As letras giram em torno de uma ideia simples: pare de pensar, confie em si mesmo, mova-se. Os versos em coreano adicionam mais granulação, tocando em teimosia, confiança e seguir em frente mesmo quando as coisas estão complexas. As linhas em inglês funcionam mais como ritmo do que como narrativa, o que combina com o clima da faixa. Não é uma música que tenta revelar uma grande mensagem – ela empurra você para o momento presente.

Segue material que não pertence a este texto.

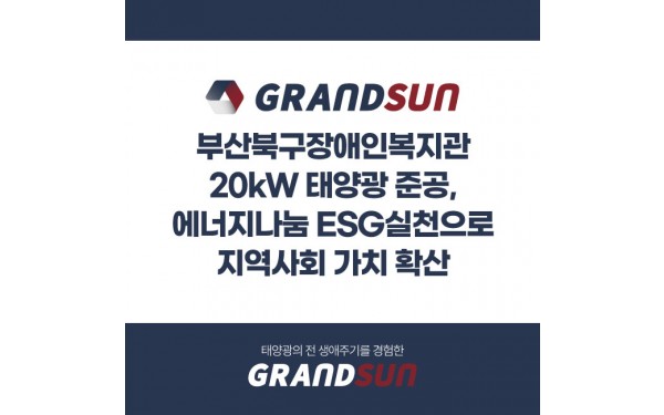 그랜드썬기술단,부산 북구 장애인복지관 20kW 태양광준공, 에너지나눔 ESG 실천으로 지역…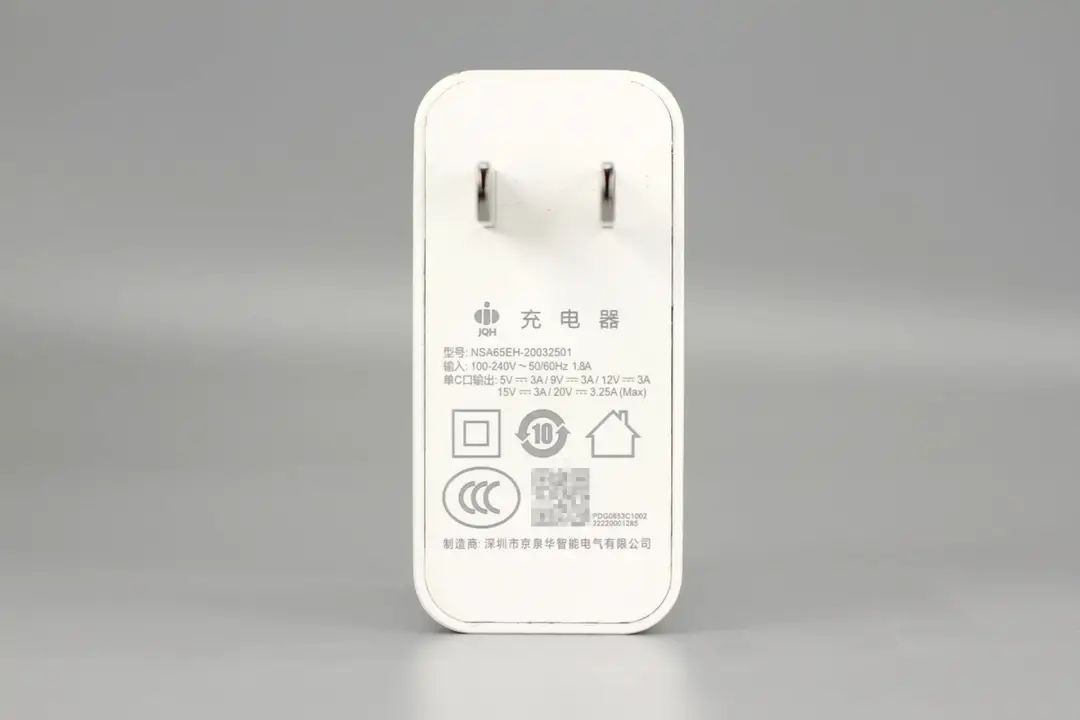 聯(lián)想這款充電器采用白色機身,固定插腳,標準的配機充電器設計。充電器支持65W PD快充,得益于通用的USB PD接口,這款充電器除了為配套的投影儀供電外,還能為筆記本供電,十分方便。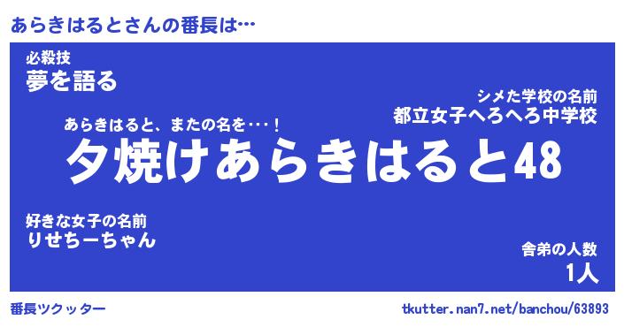 | 男性向けラノベタイトル風あだ名 | 『アラキハルトアートオンライン』 |

A produção se revela aos poucos. Em alto-falantes comuns, a faixa pode soar quase excessivamente contida. Fones de ouvido mudam tudo. A linha de baixo fica baixa e quente, quase como um pulso. A percussão atravessa a mixagem sem chamar atenção para si. Há um eco sutil escondido atrás de certas frases, e a forma como o pré-refrão derrete no hook tem a suavidade de água escorrendo sobre pedra. Não é um arranjo grande e dramático – é algo em que você se afunda. Por isso tantos ouvintes disseram que a faixa encaixou no segundo ou terceiro play: ela recompensa atenção em vez de exigí-la.

 

Se há um ponto a reclamar, é a duração. A música termina justamente quando parece que vai decolar. Uma reviravolta final no último refrão – uma nova harmonia, uma pequena variação na batida – teria dado uma sensação de chegada. Do jeito que está, o final parece alguém fechando a porta suavemente em vez de batendo-a. Ainda assim, a estrutura funciona; só deixa a vontade por aquele empurrãozinho final.

 

O lado visual preenche parte desse espaço. No MV carregado de CGI, cada membro tem momentos solo adequados, cenários individuais e enquadramentos em que a câmera realmente fica parada tempo suficiente para apreciar suas expressões. É limpo da melhor forma: sem frescuras, direto, agradável aos olhos. A única desconexão real é o teaser, que insinuava algo incrivelmente mais sombrio e teatral do que o resultado final. “Do It” não é sombria; é mais um brilho frio, tipo néon refletindo no asfalto molhado. Mas o styling, o ritmo e o foco na presença do grupo ajudam a vender o clima mais relaxado da faixa.

 

O que torna “Do It” interessante é o quão firmemente ela se assenta no meio da identidade do Stray Kids. Não é uma guinada à esquerda, mas também não é um reescalonamento do que já fizeram. Tem a granulação dos trabalhos anteriores sem o ruído, a confiança dos sucessos recentes sem a pressão de ser maior. Em vez de tentar superar o passado, eles mudam a moldura e deixam o instinto mandar. E essa escolha compensa.

 

É fácil entender por que tantos fãs estão chamando esta de sua faixa-title favorita há um tempo. É controlada, mas não rígida. Relaxada, mas não preguiçosa. Curta, mas completa. E sugere um espaço que Stray Kids ainda não exploraram totalmente – onde clima e tom fazem tanto trabalho quanto volume e velocidade.

 

Se “Chk Chk Boom” foi a faísca no catálogo deles que mostrou o quão ousada uma faixa guiada por groove do Stray Kids pode ser, “Do It” é a chama de vela que continua – menor na superfície, mas mais duradoura. E às vezes esse tipo de queima lenta acerta ainda mais forte.